Infertility — failure to conceive after twelve months of regular unprotected intercourse — affects around one in seven couples and is a common reason for referral. The evaluation is a structured search across three factors in the woman (ovarian, tubal, uterine), alongside the male factor, and imaging is central to it: choosing the right test, performing it at the right time in the cycle, and interpreting it correctly directs the entire fertility plan. As a final-year student you will be expected to understand why a hysterosalpingogram is timed to the follicular phase, when an ultrasound answers the question without radiation, and how a blocked tube or a uterine polyp changes management. This module equips you to integrate these imaging findings into rational, patient-centred care.

References

  • Sutton's Textbook of Radiology and Imaging, 7th edition, Chapter on Gynaecological Imaging (textbook)
  • Grainger & Allison's Diagnostic Radiology, 6th edition, Chapter on the Female Pelvis and Infertility (textbook)
  • NICE CG156 — Fertility Problems: Assessment and Treatment (guideline)
  • Shaw's Textbook of Gynaecology, Chapter on Infertility (textbook)

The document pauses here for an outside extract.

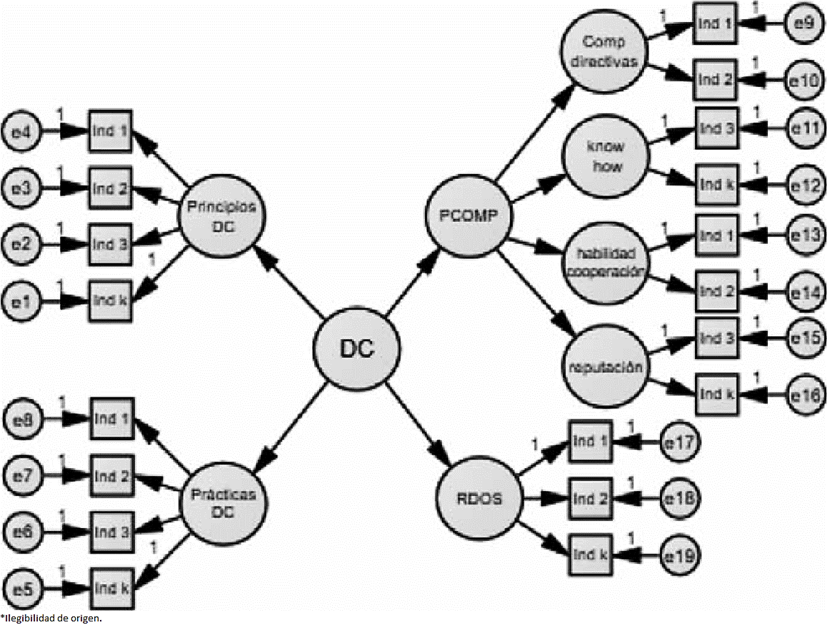 Para poder operacionalizar el modelo propuesto, el presente artículo toma como base un modelo de ecuaciones estructurales (Figura 1), basado en Escrig (2001), quien incorpora como intermediario las competencias distintivas entre la dirección de calidad y sus efectos sobre los resultados de la empresa.
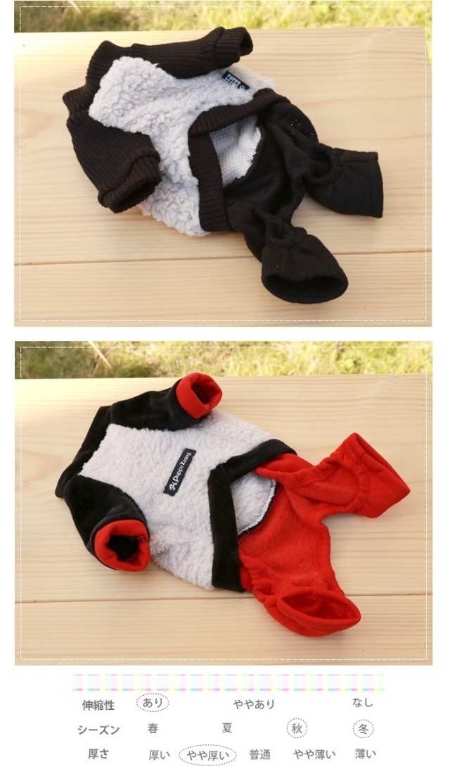 洋服のデザイン、また愛犬の個体差や毛量によって若干サイズが異なる場合がございますので、事前にワンちゃんのサイズを測った上でご検討下さい

Version 2.0 | NMC CBUC 2024

CLINICAL SCENARIO

A couple in their early thirties have been trying to conceive for two years without success. The man's semen analysis is normal. Now attention turns to the woman, and the gynaecologist must build a picture from a small number of well-chosen investigations. Is she ovulating? Are her fallopian tubes open so that egg and sperm can meet? Is the uterine cavity normal so that an embryo could implant? Each of these questions has a different imaging answer, performed at a different time in the cycle and using a different technique — and choosing the wrong test, or the right test at the wrong time, wastes weeks and can even irradiate an early pregnancy. The skill is not in performing the scans but in knowing which test answers which question, and in reading the results into a coherent plan that gives this couple their best chance.

WHY THIS MATTERS

Infertility affects roughly 10-15% of couples, and the female evaluation is one of the most imaging-dependent workups in gynaecology. The NMC competency RD7.1 requires you to integrate provided imaging findings into the evaluation of infertility — a task that demands you understand not just what each test shows but why and when it is chosen. The decisions that follow are consequential and expensive: a tubal block may direct a couple straight to IVF rather than years of futile timed intercourse; a uterine polyp may be a simple, correctable cause; a low ovarian reserve changes the urgency and the counselling. You will encounter subfertile couples in gynaecology, family medicine and increasingly in primary care, and a clear grasp of the imaging strategy — and of radiation safety in women trying to conceive — is directly applicable, examinable, and important to patients.

RECALL

Before reading further, recall:

  • Reproductive anatomy (from AN): the egg is released from the ovary, captured by the fimbriae, fertilised in the ampulla of the fallopian tube, and the embryo travels to implant in the endometrial cavity of the uterus. Patency of the tubes and a normal cavity are both prerequisites for natural conception.
  • The ovulatory cycle (from PY/OG): in the follicular phase, FSH drives growth of a cohort of antral follicles; one becomes dominant and ovulates at mid-cycle; the luteal phase follows. The number of small antral follicles at the start of the cycle reflects the remaining egg supply, or ovarian reserve.
  • Ovarian reserve markers: the antral follicle count (AFC) on transvaginal ultrasound and serum anti-Mullerian hormone (AMH) are the principal markers of ovarian reserve; a low AFC/AMH indicates diminished reserve.
  • Radiation safety in women of reproductive potential (RD principle): tests using ionising radiation must be justified and, where possible, replaced by ultrasound; any radiographic test of the pelvis must be performed when the woman cannot be pregnant — for the uterus and tubes this means the follicular phase, after menstruation and before ovulation.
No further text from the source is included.